Review by Sean Boelman
Seven years after the release of one of his most critically and financially lauded films yet, Australian filmmaker George Miller returns to theaters with a movie that is drastically different in tone yet still features his stylistic trademarks. Unfortunately, despite being an absolute feast for the eyes, Three Thousand Years of Longing is dreadfully boring, almost to the point of being unwatchable.
The film follows a lonely scholar who comes across a Djinn who offers her three wishes that he must grant in exchange for his own freedom. Based on a short story by A.S. Byatt, the movie suffers from the same issues that so many films adapted from short stories have: it has an interesting concept, but it doesn’t know how to build it out to feature length.
Short story adaptations also tend to suffer from poor character development, which is one of the biggest issues with this movie. It’s odd, because it’s a two-hander with one character that is essentially all backstory and the other having very few defining qualities. Ultimately, no one is going to care much about either of the characters or their stories.
As the title implies, a majority of the film is flashbacks in which the Djinn discusses with his new master his previous experiences as the protagonist decides what wish she wants to make. And while these fantasy tales allow the movie plenty of room for grand visuals, the film is severely lacking in any form of narrative momentum or energy.
In one scene, the protagonist of the movie says that “every story about wishing is a cautionary tale,” and this is no exception. Miller and co-writer Augusta Gore don’t explore much more than the usual “be careful what you wish for” themes. There is an attempt to say something profound about love, but this aspect of the story feels entirely underdeveloped.
Tilda Swinton is usually fantastic, and while she is far from bad in this film, the role doesn’t give her much substantial material to work with. This is more of Idris Elba’s show, as he is the focus of the flashbacks, and he carries the movie very well. Still, the major factor that is missing is chemistry between the two actors.

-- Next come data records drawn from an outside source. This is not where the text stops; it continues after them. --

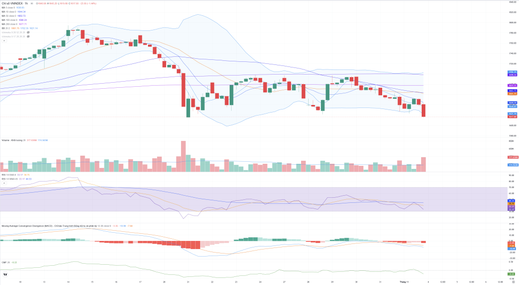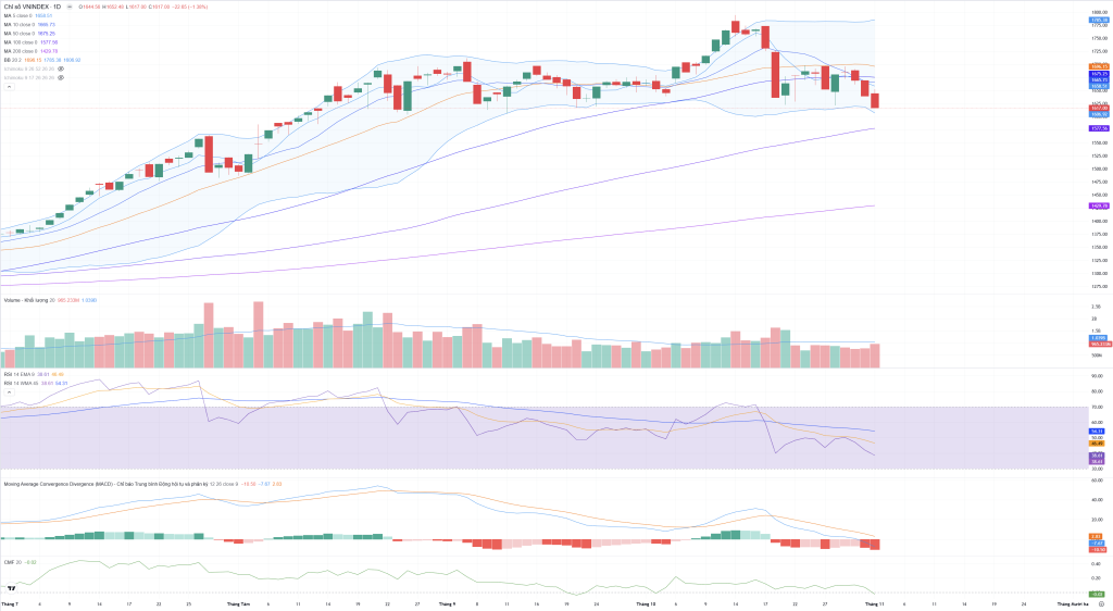 - Daily: Chỉ số đang tiến sát Dải dưới BB (1,606.92). Nếu thủng ngưỡng này, đà giảm sẽ được xác nhận.
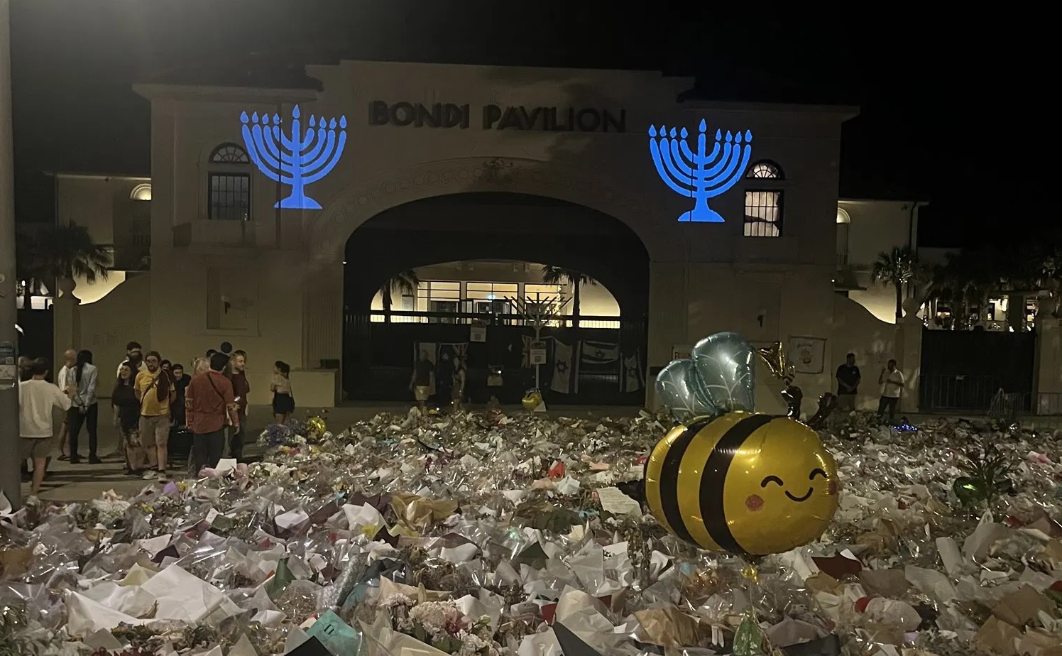 In the background of a massive temporary floral tribute, Bondi Pavilion was illuminated with surprise projections of 2 blue Chanukiahs as beams of light shone to the sky above it from the courtyard within the Pavilion.
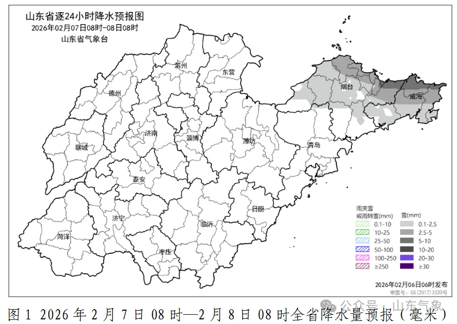 7日烟台和威海有小到中雪局部大雪

It’s honestly shocking how much of this film is just the two main actors talking in a hotel room. During the flashbacks, the cinematography and production design are extravagant and stylish. However, the sequences tend to end just as soon as you begin to get immersed in the world that Miller is building.
Three Thousand Years of Longing is a massive disappointment from one of the finest filmmakers working today. Although the visual style certainly lives up to expectations, the script leaves too much to be desired for this to be worth watching.
Three Thousand Years of Longing hits theaters on August 26.